Politics

Behind the Veil: The dual life Iranians live to dodge Islamist curbs

By Jaime Leon

Tehran, Nov 8 (EFE).- Many Iranians live two lives: one in public to conform with the Islamic republic’s severe restrictions, and one in private to avoid the curbs as thousands of people protest on the streets in a show of dissent.

The double life involves what in the west is normal. Like drinking, letting your hair down, listening to music, dancing, and riding a motorbike rather than drunken, wild celebrations or torrid depravity.

Music, alcohol, nightclubs, gambling, mixed sports, and sex outside marriage are prohibited in the Islamic republic, founded by Iranian political and religious leader Ayatollah Ruhollah Khomeini in 1979.

To stop men and women from working in the same places, the nation has also established gender segregation restrictions in certain areas.

The curbs are harsher for women, who have to cover themselves in veils.

Women who do not wear headscarves are “naked,” said Khomeini, the founder of the Islamic revolution of 1979 that brought seismic changes to Iran.

Women were also prohibited from driving motorbikes and bicycles, singing in public, or practicing some sports.

Years later, Iran’s supreme leader Ali Khamenei, Khomeini’s successor, said riding bikes and bicycles “exposes society to corruption” and “contravenes women’s chastity”.
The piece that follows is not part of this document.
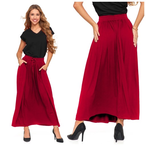 Ta spódnica maxi jest idealna dla kobiet, które cenią sobie połączenie stylu i wygody. Doskonale sprawdzi się zarówno w casualowych, jak i bardziej formalnych stylizacjach ľ można ją łączyć z prostymi t-shirtami, eleganckimi bluzkami czy luźnymi swetrami, tworząc różnorodne zestawienia dopasowane do każdej okazji.

Some of the restrictions have been relaxed in recent decades. Iranian music is now permitted, ladies can perform for female audiences, and can be seen riding around the streets of Tehran.

Nonetheless, numerous limitations persist that many people in the country skip whenever possible.

“I attend underground heavy metal shows. I don’t wear a veil. I enjoy sex. I am an atheist,” a Tehran resident told EFE.

“Why do they have to tell me what I can or can’t do,” she asked.

A walk in Tehran on a Wednesday or Thursday night (the Iranian weekend eve) will unveil many house parties with musical celebrations, generally American, blaring out.

House rooftops are full of antennas for foreign TV channels, in theory, banned by the authorities. Some women drive motorcycles, hiding their bodies with baggy clothes.

It is also possible to ride a cab in Tehran and get immersed in a Julio Iglesias track and the driver making clear his admiration for the Spanish singer.

The duality of life in Iran is not novel. It is an ancient tradition that somehow explains why houses are surrounded by big compound walls to protect family privacies.

“(The) Iranians by habit operate in two worlds, the public and the private. Traditionally just about every-thing meaningful in both social and political life happens behind closed doors. That is the way Iran has always been, whether its leaders were kings or ayatollahs,” recalls journalist-writer Elaine Sciolino in her book “Persian Mirrors.”

“The contrast is much sharper, however, under the ayatollahs, who have set strict limits on what constitutes acceptable behavior in public and sometimes even in private spaces,” Sciolino writes.

“An outsider can’t just open the door and peer in. The only way to get the door to open is to be invited in first.”